◆ **TRY IT**
When you reach a picture, pass over it; otherwise repeat the listing word for word.

◆ **AVAILABLE DATA**
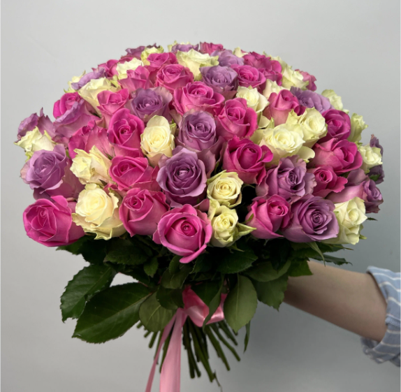 Нежный букет из 101 розы. Высота розы 35-40 см.
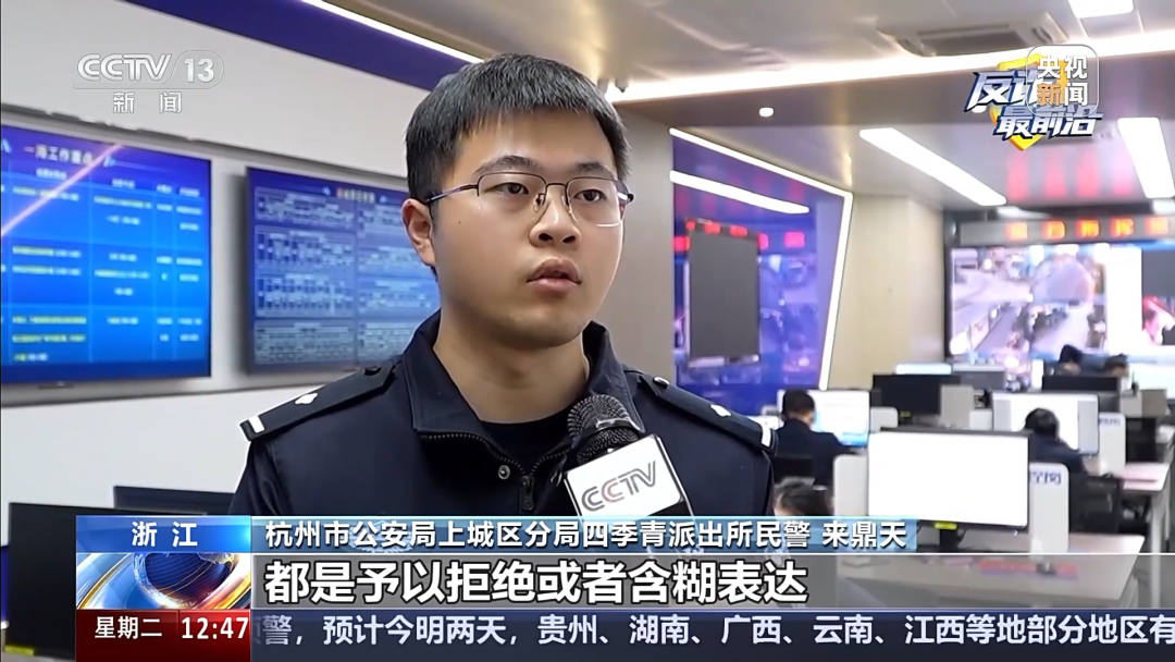 杭州市公安局上城区分局四季青派出所民警 来鼎天:何大姐非常不配合,对我们提出的一些问题也是予以拒绝或者含糊表达,我们也是找出了一个突破口,就是既然对方提的是美元兑换人民币,他这5000块钱是所谓的手续费,那我们就带她去银行看看,最后银行跟她提出来说,这个是不需要这笔所谓的手续费的,这时候,她才慢慢愿意接受我们的劝阻。
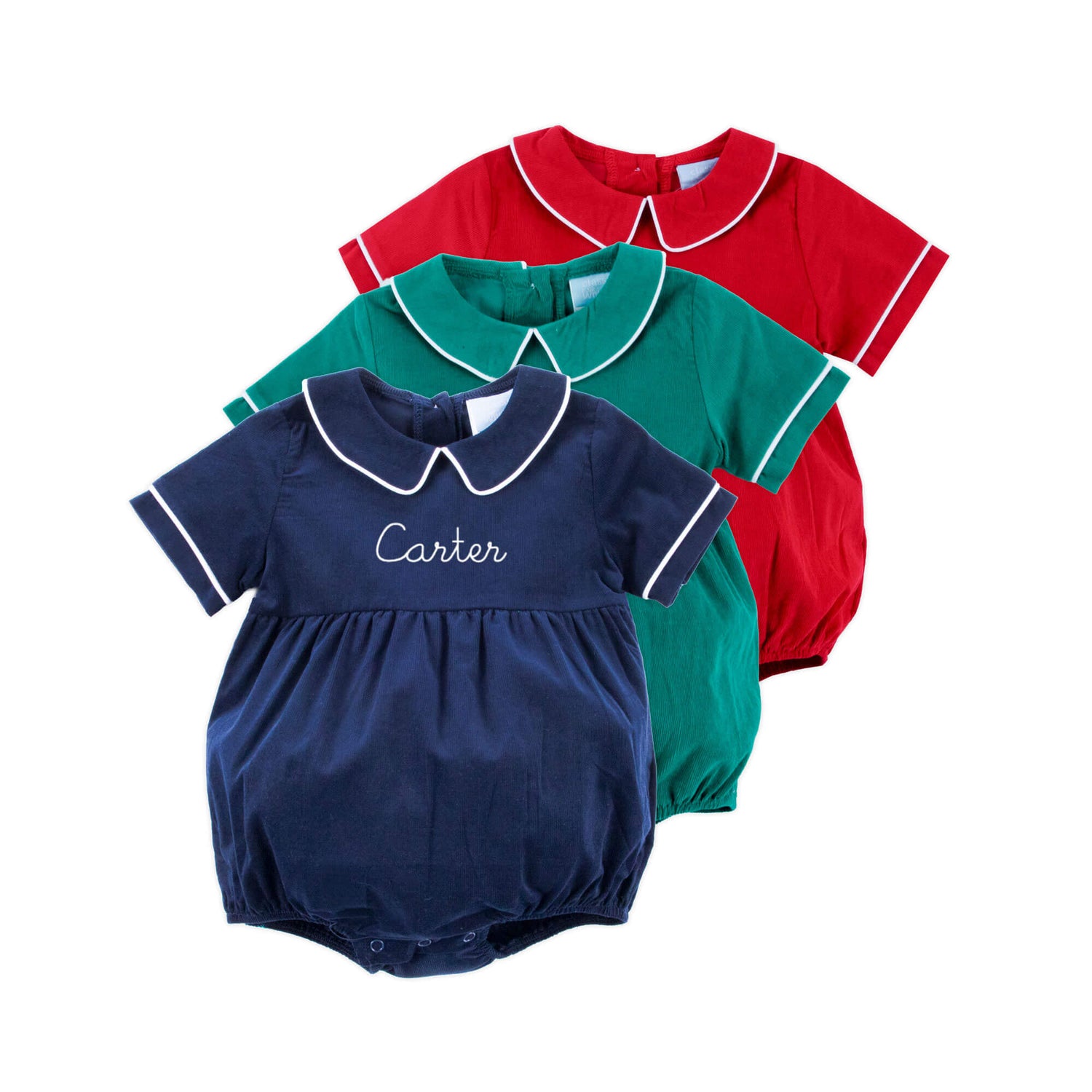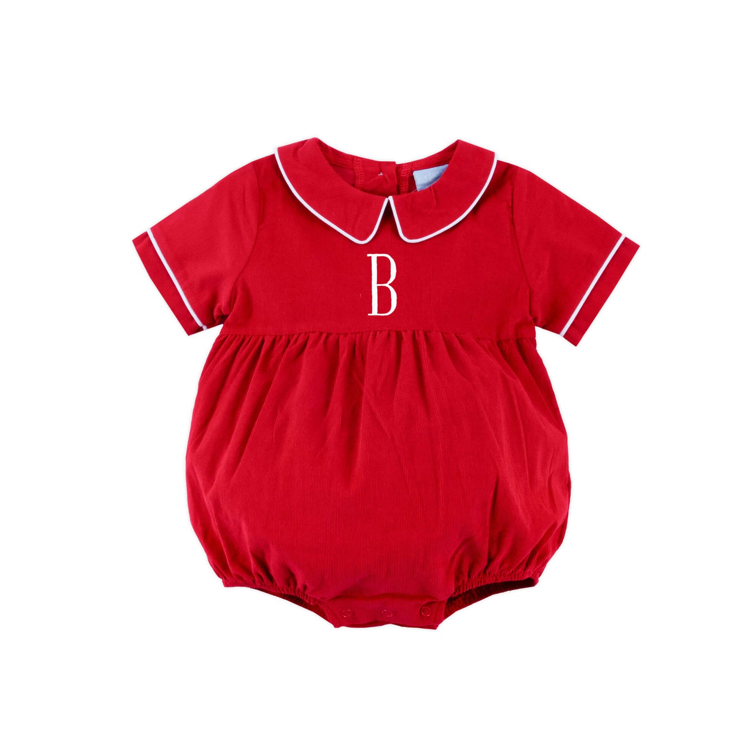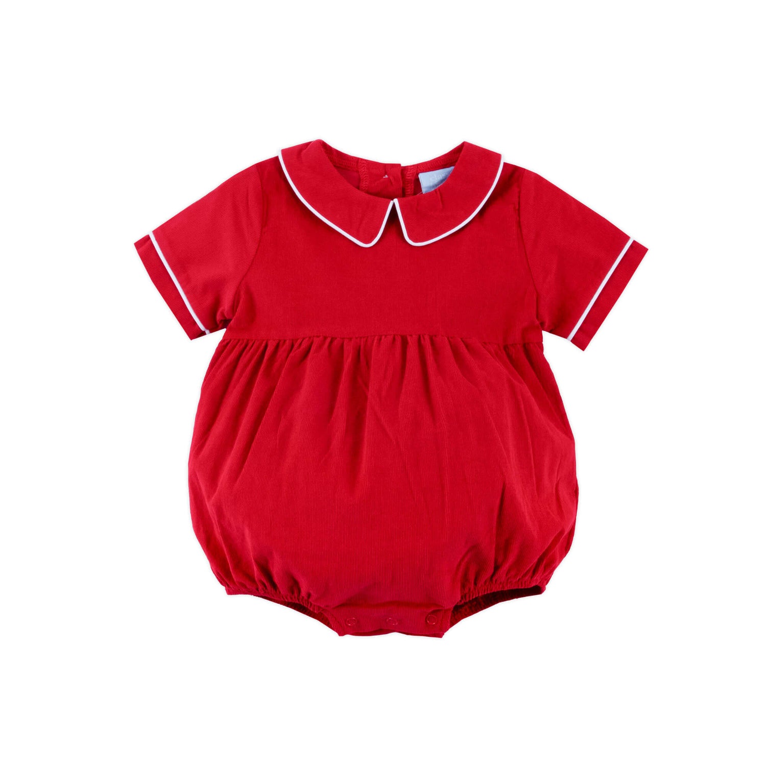 This Corduroy Collared Bubble is perfect for Christmas gatherings. This festive corduroy bubble features an elegant collar and short sleeves with white piping trim, making it perfect for visits to Santa and hanging ornaments on the tree. A timeless choice for your holiday celebrations! Convenient snaps in the stride ensure easy changes. Add a monogram to make this outfit even more special.
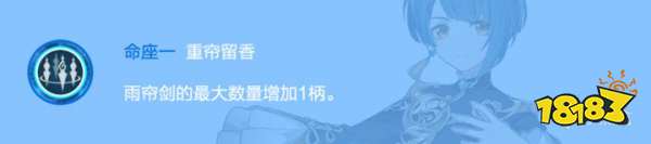 雨帘剑最大数量增加1柄,实用价值较低。由于一般都是Q产生的雨帘剑不会破碎,1命的提升只体现在持续时间到后多的1柄剑的少量回血,蚊子腿。
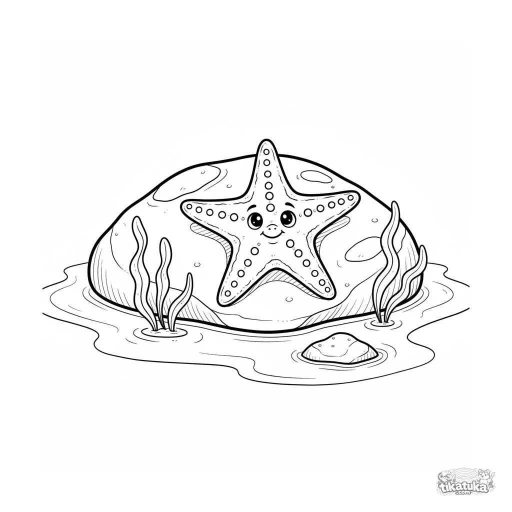 Página para colorir de uma estrela-do-mar descansando em uma rocha em uma poça de maré ensolarada em águas rasas. Para crianças de 7 a 9 anos.

◆ **SOLVED EXERCISE**
 Нежный букет из 101 розы. Высота розы 35-40 см.
 杭州市公安局上城区分局四季青派出所民警 来鼎天:何大姐非常不配合,对我们提出的一些问题也是予以拒绝或者含糊表达,我们也是找出了一个突破口,就是既然对方提的是美元兑换人民币,他这5000块钱是所谓的手续费,那我们就带她去银行看看,最后银行跟她提出来说,这个是不需要这笔所谓的手续费的,这时候,她才慢慢愿意接受我们的劝阻。
 This Corduroy Collared Bubble is perfect for Christmas gatherings. This festive corduroy bubble features an elegant collar and short sleeves with white piping trim, making it perfect for visits to Santa and hanging ornaments on the tree. A timeless choice for your holiday celebrations! Convenient snaps in the stride ensure easy changes. Add a monogram to make this outfit even more special.
 雨帘剑最大数量增加1柄,实用价值较低。由于一般都是Q产生的雨帘剑不会破碎,1命的提升只体现在持续时间到后多的1柄剑的少量回血,蚊子腿。
 Página para colorir de uma estrela-do-mar descansando em uma rocha em uma poça de maré ensolarada em águas rasas. Para crianças de 7 a 9 anos.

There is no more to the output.